← Back to team overview

cloud-init-dev team mailing list archive

Re: [Merge] ~chad.smith/cloud-init:unify-datasource-get-data into cloud-init:master

 

userdata_raw for an instance should *always* be bytes, which is *always* unserializble in json:

>>> json.dumps({'key': b'bytes value'})
TypeError: Object of type 'bytes' is not JSON serializable

heres a test that shows more actual content of user-data:
 http://paste.ubuntu.com/25594310/

So that means that unless something is wrong in the Datasource, the 'user-data' (and maybe vendor-data) blobs are going to be redacted with the Warning.

Is meta-data one of our "normalized" values ?

I kind of expected that our exported data looks like:
 {'instance-id': <string>,
  'hostname': <hostname>,
  'user-data'
  'vendor-data': 

  'base64-keys': ['user-data', 'vendor-data', 'ec2/blobs/blob1', 'ec2/more-blobs/0']
  '_datasource': {
    'ec2-specific-key1': <string>,
    'blobs': { 'blob1': <bytes> },
    'more-blobs': [b'blobby'],
  }
  
So we'd have generally available keys in the top (many of them taken out of 'meta-data') with well known names, and then '_datasource' or other name with non-guaranteed stuff under that key.

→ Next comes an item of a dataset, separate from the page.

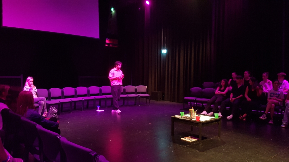 Bei der “DAT Kunstparty“ im Feierraum präsentierten Kunstschüler*innen aus den drei Fachbereichen ihre künstlerischen Talente und gaben so einen Einblick in ihre Arbeit des letzten Jahres. Mittels kleiner Übungen und Aktivitäten schuf unser Freiwilliger Güney Gencer eine kreative und sichere Umgebung. Dabei tauchten die Schüler*innen auch in eine für sie jeweils ungewohnte Kunstformen ein und trauten sich durch die spielerische und wertfreie Herangehensweisen, ihre eigenen Grenzen zu überwinden und neue künstlerische Bereiche zu erkunden. Die Veranstaltung bot eine vielfältige Palette von Kunstformen, von bildender Kunst bis hin zu Theater und Tanz und förderte nicht nur die künstlerischen Ausdrucksmöglichkeiten, sondern ermöglichte auch einen inspirierenden Austausch und eine tiefere Verbindung zwischen den Schüler*innen der drei Fachbereiche.

Maybe i'm thinknig to far ahead, but I'm afraid of putting something in /run/cloud-init/INSTANCE_JSON_FILE that then someone reads and we're stuck with the format of.

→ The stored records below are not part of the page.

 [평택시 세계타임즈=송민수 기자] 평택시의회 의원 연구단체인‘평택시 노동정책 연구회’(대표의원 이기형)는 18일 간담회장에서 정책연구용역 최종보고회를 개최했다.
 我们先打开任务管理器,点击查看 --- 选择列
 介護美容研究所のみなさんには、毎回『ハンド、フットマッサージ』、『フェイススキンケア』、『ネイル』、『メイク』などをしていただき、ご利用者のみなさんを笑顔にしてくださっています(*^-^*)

the 'base64-keys' thought above is that those would be paths in the data to keys whose value is binary data.  We should also make a distinction between a value whos contents raise error on .decode('utf-8') and a value that should generally be regarded as binary.  Ie, we shouldnt just "try and see" if we can decode the values because then that leads to oddness for the user where sometimes a given key path might be in base64-keys and other times not.

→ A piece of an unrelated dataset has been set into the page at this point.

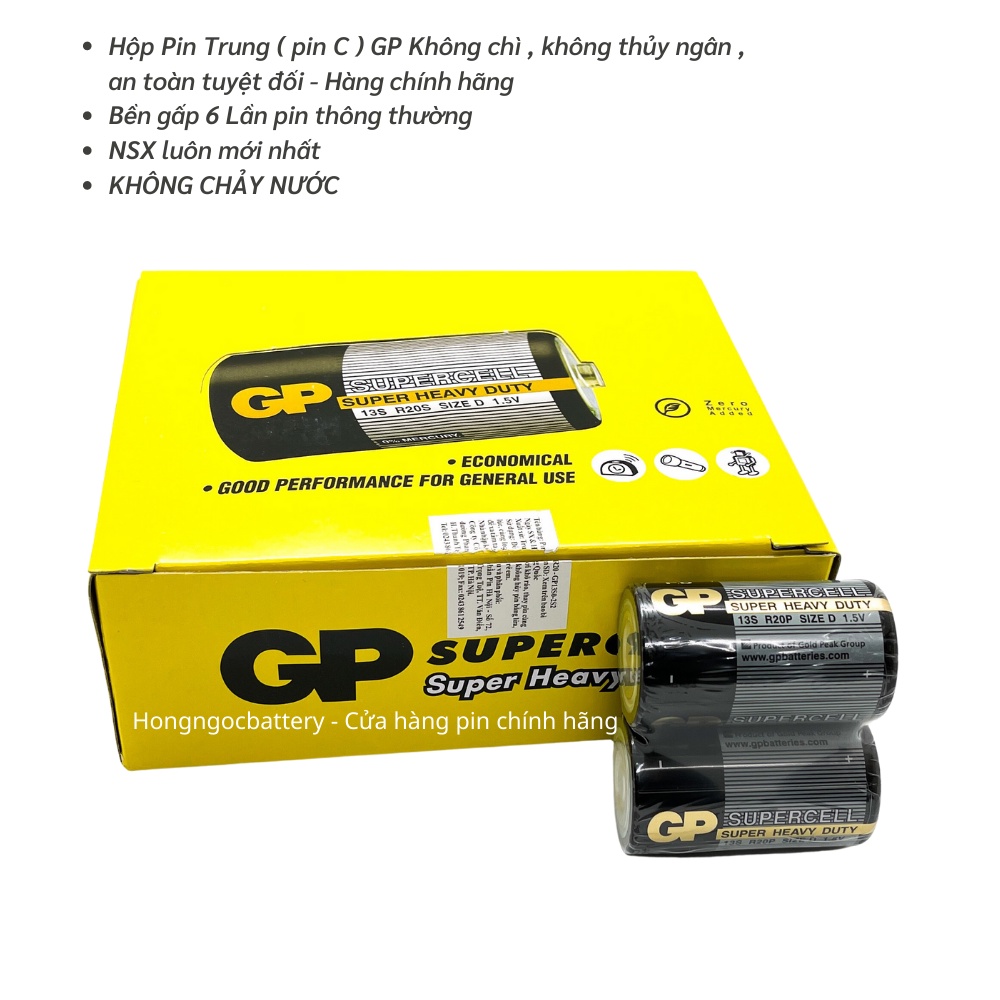 Pin Trung ( C ) 1,5V là dòng pin phổ thông , được sử dụng rộng rãi cho rất nhiều thiết bị như đồng hồ , Bếp Gas , Radio máy y tế , và rất nhiều thiết bị sử dụng pin C 1,5V khác- Pin C GP batteries với đặc điểm là không chứa các chất độc hại như chì , thủy ngân , nên rất an toàn với môi trường và sức khỏe con người . Với công nghệ chế tạo tiên tiến. Pin GP bền hơn pin thông thường nhiều lần

I don't like that the value of a key can be a string 'Warning:' ... that seems
hard for someone to identify the difference between a possible but strange
value and "didnt work".  We should never come to this case I do not think.
And if we do, raising exception is prbably ok.

  


Diff comments:

> diff --git a/cloudinit/sources/__init__.py b/cloudinit/sources/__init__.py
> index 9a43fbe..f3ea27a 100644
> --- a/cloudinit/sources/__init__.py
> +++ b/cloudinit/sources/__init__.py
> @@ -33,6 +33,9 @@ DEP_FILESYSTEM = "FILESYSTEM"
>  DEP_NETWORK = "NETWORK"
>  DS_PREFIX = 'DataSource'
>  
> +# Directory in which instance meta-data, user-data and vendor-data is written

directory?

> +INSTANCE_JSON_FILE = 'instance-data.json'
> +
>  LOG = logging.getLogger(__name__)
>  
>  
> @@ -78,6 +81,32 @@ class DataSource(object):
>      def __str__(self):
>          return type_utils.obj_name(self)
>  
> +    def get_data(self):
> +        """Datasources implement _get_data to setup metadata and userdata_raw.
> +
> +        Minimally, the datasource should return a boolean True on success.
> +        """
> +        return_value = self._get_data()
> +        json_file = os.path.join(self.paths.run_dir, INSTANCE_JSON_FILE)
> +        if return_value:
> +            instance_data = {
> +                'meta-data': self.metadata,
> +                'user-data': self.get_userdata_raw(),
> +                'vendor-data': self.get_vendordata_raw()}
> +            LOG.info('Persisting instance data JSON: %s', json_file)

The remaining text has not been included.